## RECORDS FOR THE EXERCISE
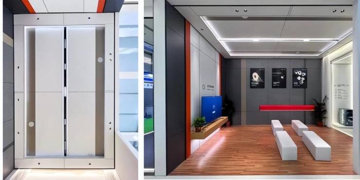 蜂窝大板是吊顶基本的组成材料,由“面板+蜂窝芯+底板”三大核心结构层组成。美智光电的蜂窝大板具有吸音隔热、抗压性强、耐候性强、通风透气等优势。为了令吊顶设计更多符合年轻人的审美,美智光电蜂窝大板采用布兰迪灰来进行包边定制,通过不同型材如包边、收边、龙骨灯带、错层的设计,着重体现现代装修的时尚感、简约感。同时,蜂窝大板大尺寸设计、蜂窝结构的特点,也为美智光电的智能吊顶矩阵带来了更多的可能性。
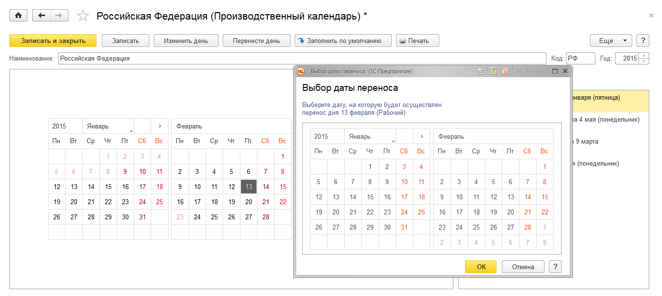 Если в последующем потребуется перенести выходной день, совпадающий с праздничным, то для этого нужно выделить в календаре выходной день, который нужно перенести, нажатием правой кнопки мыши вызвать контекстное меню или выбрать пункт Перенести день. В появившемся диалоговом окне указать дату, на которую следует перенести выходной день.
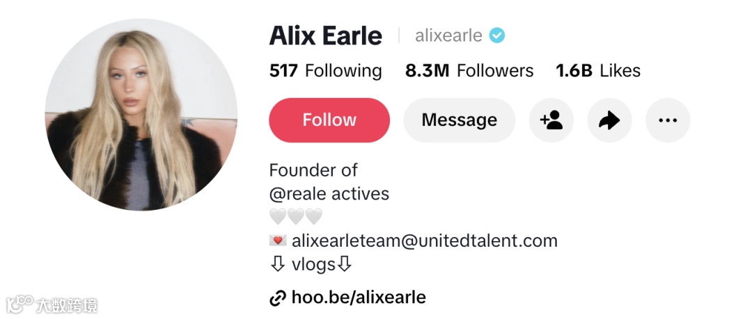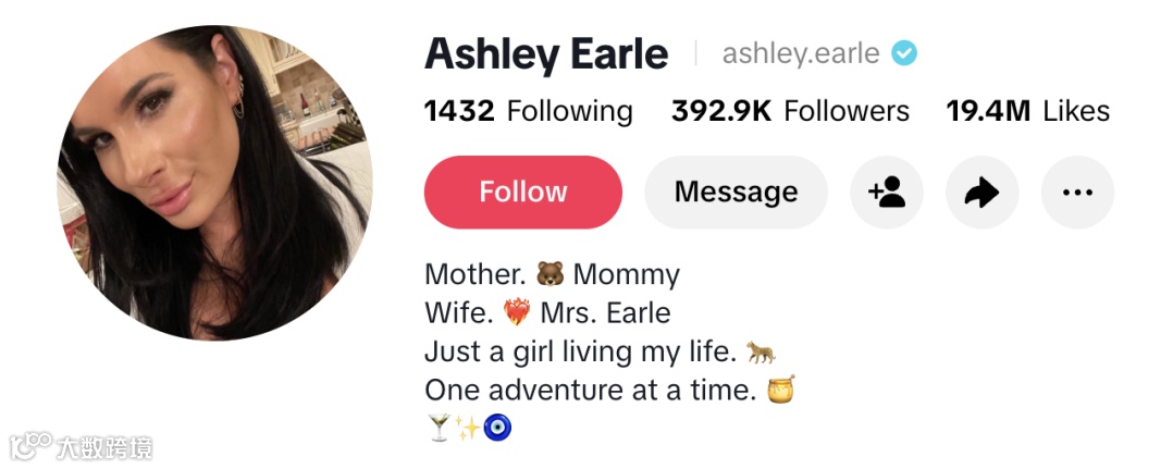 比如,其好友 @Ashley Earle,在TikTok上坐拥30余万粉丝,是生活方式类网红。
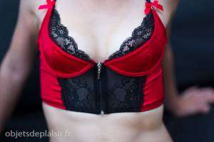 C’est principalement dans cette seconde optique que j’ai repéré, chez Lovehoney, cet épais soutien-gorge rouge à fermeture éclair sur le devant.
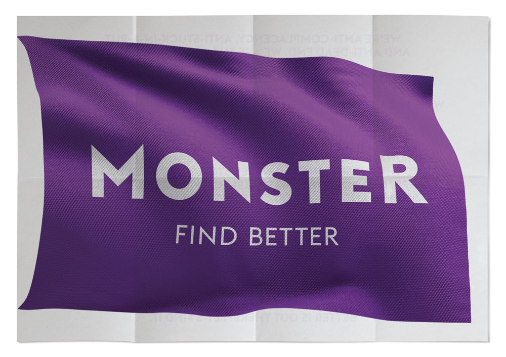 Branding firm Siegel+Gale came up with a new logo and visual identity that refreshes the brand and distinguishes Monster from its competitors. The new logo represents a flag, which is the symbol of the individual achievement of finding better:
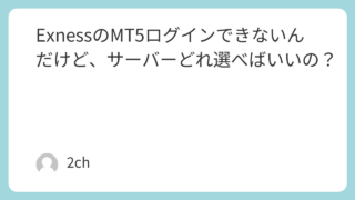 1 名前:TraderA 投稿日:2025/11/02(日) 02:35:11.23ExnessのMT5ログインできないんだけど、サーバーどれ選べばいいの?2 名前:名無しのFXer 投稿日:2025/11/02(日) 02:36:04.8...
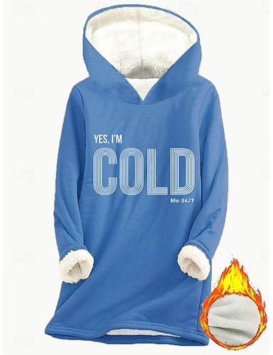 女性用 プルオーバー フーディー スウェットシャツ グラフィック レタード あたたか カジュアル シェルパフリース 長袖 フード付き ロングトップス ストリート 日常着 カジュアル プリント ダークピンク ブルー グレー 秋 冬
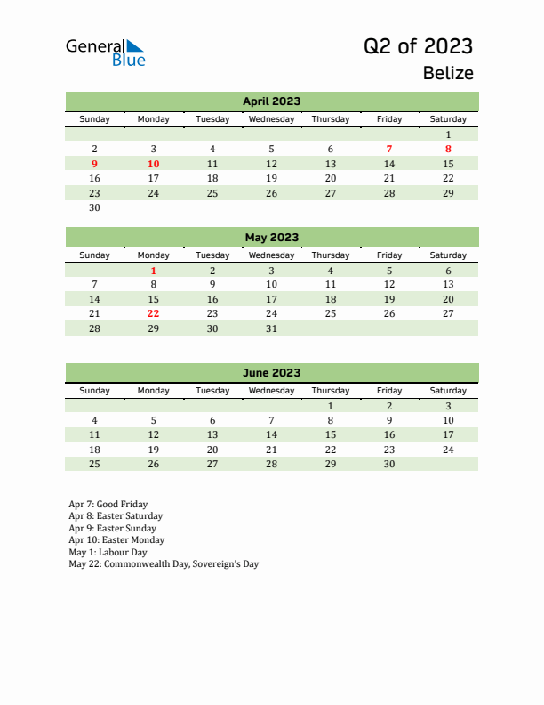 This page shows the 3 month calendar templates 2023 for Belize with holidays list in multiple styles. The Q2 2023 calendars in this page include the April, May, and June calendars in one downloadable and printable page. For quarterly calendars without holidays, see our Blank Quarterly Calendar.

## WHAT YOU HAVE TO DO
Pictures are to be left out; all other data must be returned exactly.

## ANSWER TO THE PROBLEM
 蜂窝大板是吊顶基本的组成材料,由“面板+蜂窝芯+底板”三大核心结构层组成。美智光电的蜂窝大板具有吸音隔热、抗压性强、耐候性强、通风透气等优势。为了令吊顶设计更多符合年轻人的审美,美智光电蜂窝大板采用布兰迪灰来进行包边定制,通过不同型材如包边、收边、龙骨灯带、错层的设计,着重体现现代装修的时尚感、简约感。同时,蜂窝大板大尺寸设计、蜂窝结构的特点,也为美智光电的智能吊顶矩阵带来了更多的可能性。
 Если в последующем потребуется перенести выходной день, совпадающий с праздничным, то для этого нужно выделить в календаре выходной день, который нужно перенести, нажатием правой кнопки мыши вызвать контекстное меню или выбрать пункт Перенести день. В появившемся диалоговом окне указать дату, на которую следует перенести выходной день.
 比如,其好友 @Ashley Earle,在TikTok上坐拥30余万粉丝,是生活方式类网红。
 C’est principalement dans cette seconde optique que j’ai repéré, chez Lovehoney, cet épais soutien-gorge rouge à fermeture éclair sur le devant.
 Branding firm Siegel+Gale came up with a new logo and visual identity that refreshes the brand and distinguishes Monster from its competitors. The new logo represents a flag, which is the symbol of the individual achievement of finding better:
 1 名前:TraderA 投稿日:2025/11/02(日) 02:35:11.23ExnessのMT5ログインできないんだけど、サーバーどれ選べばいいの?2 名前:名無しのFXer 投稿日:2025/11/02(日) 02:36:04.8...
 女性用 プルオーバー フーディー スウェットシャツ グラフィック レタード あたたか カジュアル シェルパフリース 長袖 フード付き ロングトップス ストリート 日常着 カジュアル プリント ダークピンク ブルー グレー 秋 冬
 This page shows the 3 month calendar templates 2023 for Belize with holidays list in multiple styles. The Q2 2023 calendars in this page include the April, May, and June calendars in one downloadable and printable page. For quarterly calendars without holidays, see our Blank Quarterly Calendar.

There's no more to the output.